If you were raised in a poor, predominantly white town, it would be helpful for you to understand what is actually going on in cities where perfectly normal and legal citizens of this country with varying races are simply trying to live, read: American Passage

If you were raised in a predominantly white evangelical setting and have trouble understanding the unrest by African-Americans, read: Letters to a Birmingham Jail

If you were raised in the north or the south, and are sure you aren't racist, read: The Warmth of Other Suns 

If you went to college pre-1990 and can't figure out why Millennials care so much about the cost of higher education, read: Paying the Price.

If you were raised in a home where your parent's income was considered Upper Middle Class or above, read: White Trash

If you were raised in a home where welfare, food stamps, and the food pantry was where you or your friends got food from, read: Bobos in Paradise

If you were raised in a home that leaned liberal or leaned conservative, but what you see happening today doesn't reflect what you were raised to believe, read: Strangers in their Own Land.

If you are a pacifist or think all war is unjust, read The Heart and the Fist.

If no one in your immediate family has been deployed, read Tribe.

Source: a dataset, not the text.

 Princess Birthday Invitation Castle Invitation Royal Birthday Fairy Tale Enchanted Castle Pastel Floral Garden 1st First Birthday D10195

None of these books solve the crisis of divide at hand here, but they do give us a small glimpse into what "the other side" might be thinking or processing or what has bolstered their belief in what's right. Rebecca Reynolds said it well in her post today on Thistle and Toad,

The beliefs of the average American are neither formed nor altered by reason. For the most part, our religion and our politics begin with affective impulses more than formal, cognitive research. What we believe about God and country is usually born in the gut, in the center of desire, nightmare, and imagination.

Many of us find our political and theological instincts early in life, then those instincts tend to interweave with a smattering of real life relationships. Over 15-years-worth of Thanksgivings, we hear that FDR destroyed America (or that he saved it). We hear praise or criticism of unions. We hear what happened to our aunts and uncles in California, or in rural Tennessee, or in Chicago as a result of legislation passed in D.C. All of these stories converge to form and then confirm a metanarrative that becomes a framework for how we interpret the entire world.

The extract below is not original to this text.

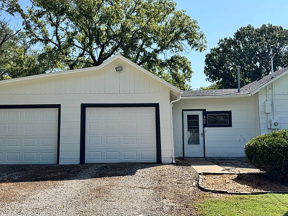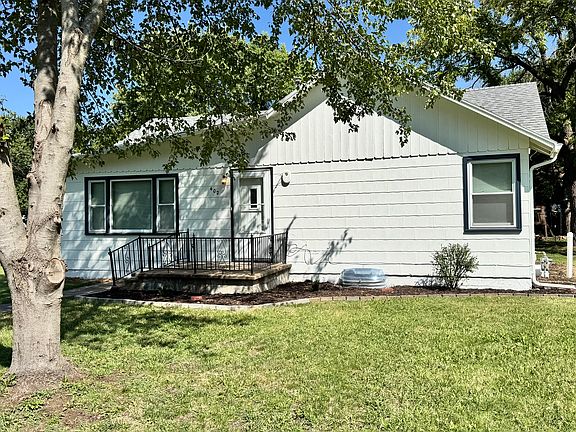 Home on corner lot just a few blocks from the Osage City Schools. Two bedroom One bath with large living room and separate dining area. CLEAN, CUTE, AFFORDABLE small town living located between two federal lakes. Nice kitchen with oak cabinets and modern tile backsplash. Both bedrooms and the hallway have the original oak hardwood floors. The breezeway between the house and two car garage offers a wall of storage cabinets, laundry facilities and serves as a perfect mudroom with access to the backyard. This one will be easy to call "Home". No smoking allowed or pets.

Few of us bother to fact check those metanarratives. They become too personal to vivisect. All of these beliefs have faces, because they are connected to people and situations we know.

None of us can truly understand what another person felt was at stake in this election or is at stake in the coming years, but we can certainly do our best to try. It's not as simple or cut and dried as the one-issue voters and die-hard Democrats want it to be, but none of us will grasp that if we continue to crave both "safe spaces" and "honest dialogue." The two are at complete odds with one another; there is safety in numbers, but not if all the numbers look, think, and act just like you.

If you turn away from those who don't think like you, you simply cannot complain about the state of politics in American today, you do not have the right to choose an America that only works for you or people just like you. Chance offense or hurt, your own or others, but actually listen to someone with intent to hear them instead of listening with the intent to change their mind. There's only one who changes minds, and thank the Holy Spirit, it isn't you.